Piero Coppo è medico, neuropsichiatra e padre dell’etnopsichiatria in Italia, Stefania Consigliere è filosofa e ricercatrice in Antropologia presso l’Università di Genova, Paolo Bartolini è analista filosofo e collaboratore di Megachip.
Buona lettura!
INTRODUZIONE
di Lelio Demichelis
«Perché mai gli sfruttati non si ribellano? E se la radice di ogni valore (e in primis proprio quello del denaro) sta nell’immaginario degli umani, perché sembra impossibile uscire dall’orizzonte capitalista? L’elemento più inquietante di tutti è, infatti, proprio quest’adesione collettiva alla catastrofe, l’assenso alla nostra servitù», scrive Stefania Consigliere.

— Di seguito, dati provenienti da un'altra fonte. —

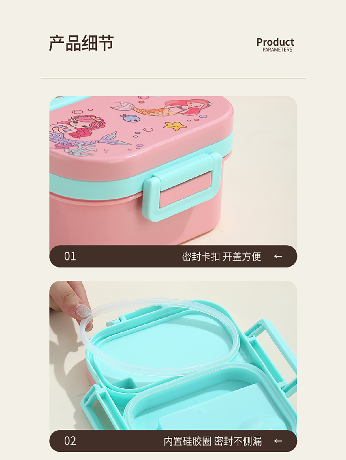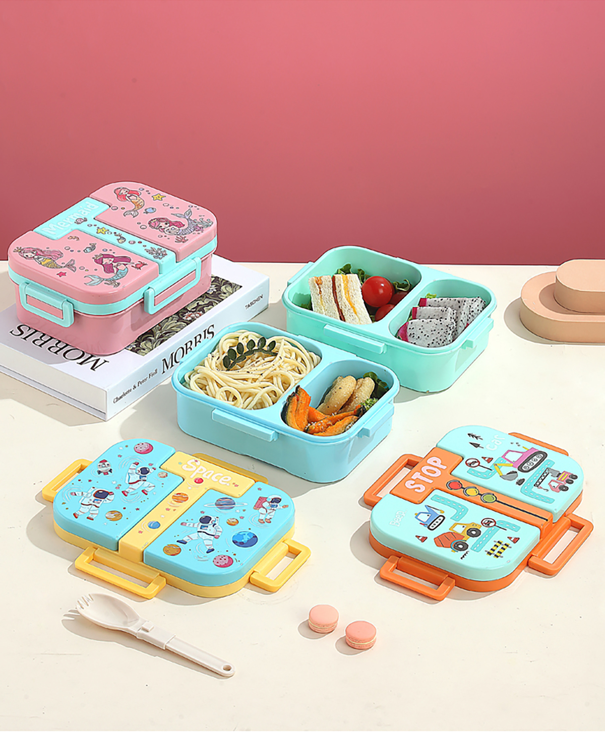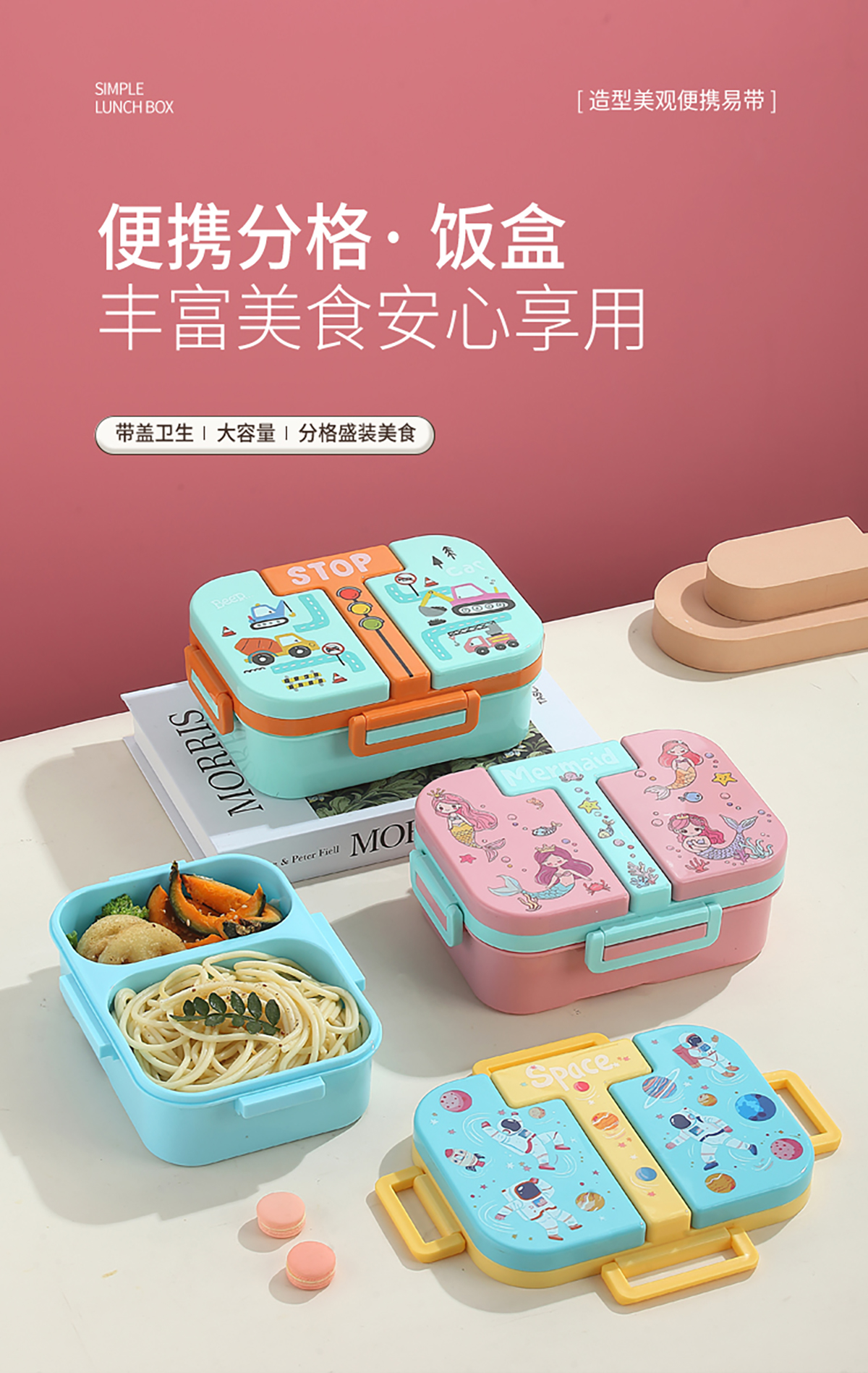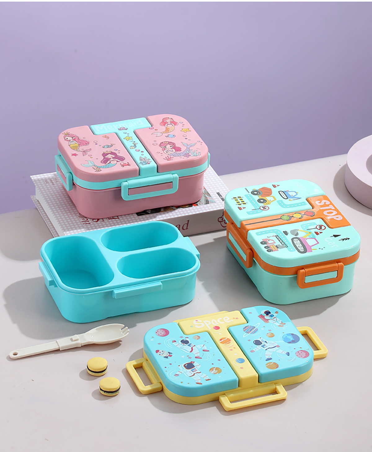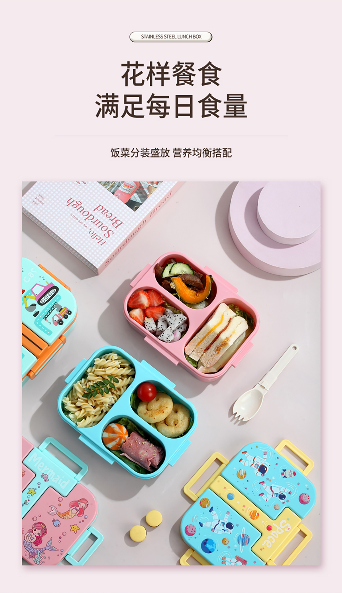 獨(dú)立密封童趣塑料餐盒2格900ml/3格850ml  (配PP折疊湯勺)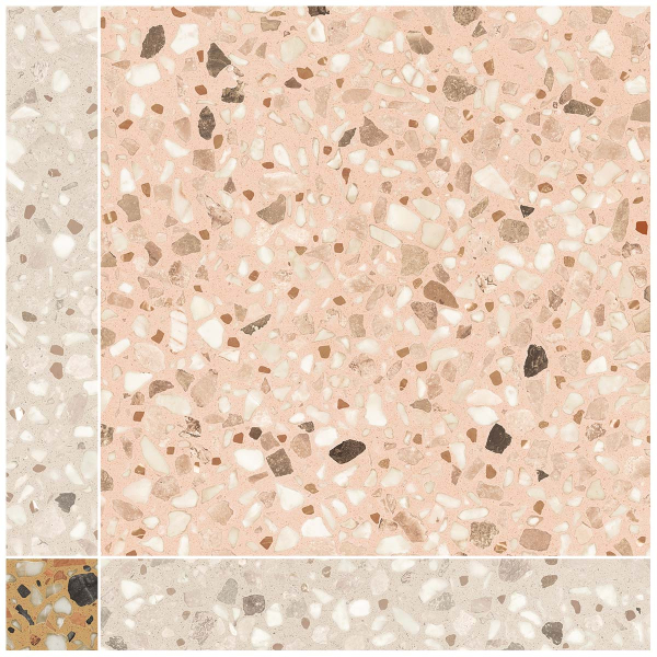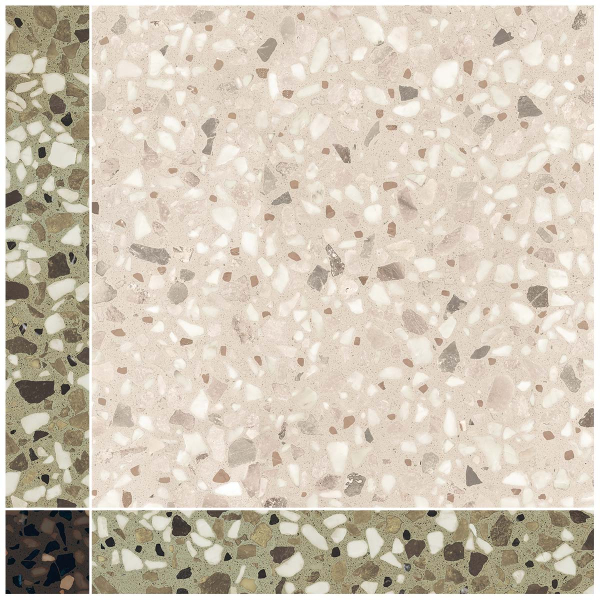 A mineral pattern inspired by terrazzo covers the Chicco Regolo mosaic from 41zero42. Composed of square and rectangular shapes, the tile creates a dynamic, rhythmic surface. The stone fragments intertwine delicately, creating a vibrant pattern. The material reveals a subtle texture and a nuanced visual impact.

E ancora: «C’è un divenire capitale degli umani (e un prender forma umana da parte del capitale) che è la parte più temibile di tutta questa storia (…): siamo la punta più avanzata di un colossale esperimento di cattura delle anime, che non passa più solo per l’imposizione violenta, come avveniva nel dominio classico, ma per l’adesione – rassegnata o entusiasta – a un regime pulsionale e concettuale molto soft, che si presenta come la quintessenza della libertà stessa. (…). Qualcosa che, svuotando i soggetti delle loro forze, li assoggetta a un volere esterno e malevolo. (…) È questo, probabilmente, il peccato originale della modernità e attraverso questa violenza è possibile leggere la grande opera di unificazione (intendo: di riduzione all’uno) della modernità, dalla caccia alle streghe alla streghizzazione della dissidenza, dalla società disciplinare al mito del Progresso e della Scienza, e via dicendo». E Piero Coppo: «nella contemporaneità diviene centrale l’ibridazione evoluta tra umano e forme e contenuti immateriali prodotti su scala industriale capaci di risiedere permanentemente nel conscio e nell’inconscio La colonizzazione contemporanea dell’immaginario, già descritta nelle sue forme precedenti da storici e studiosi a proposito dell’occidentalizzazione di altri mondi (…) va di pari passo con l’allestimento di un ambiente artefatto che nessun “gruppo naturale” umano è in grado di controllare. Gli umani possono solo contribuire, con la loro ingegnosità, la loro passione piegata a quelle forme e a quei linguaggi, ad alimentarlo. Questo orizzonte artefatto continuamente rigenerantesi, strettamente legato alle modificazioni strutturali ambientali che produce, è reso possibile dalla saldatura tra tecno-scienza e capitalismo spettacolare integrato».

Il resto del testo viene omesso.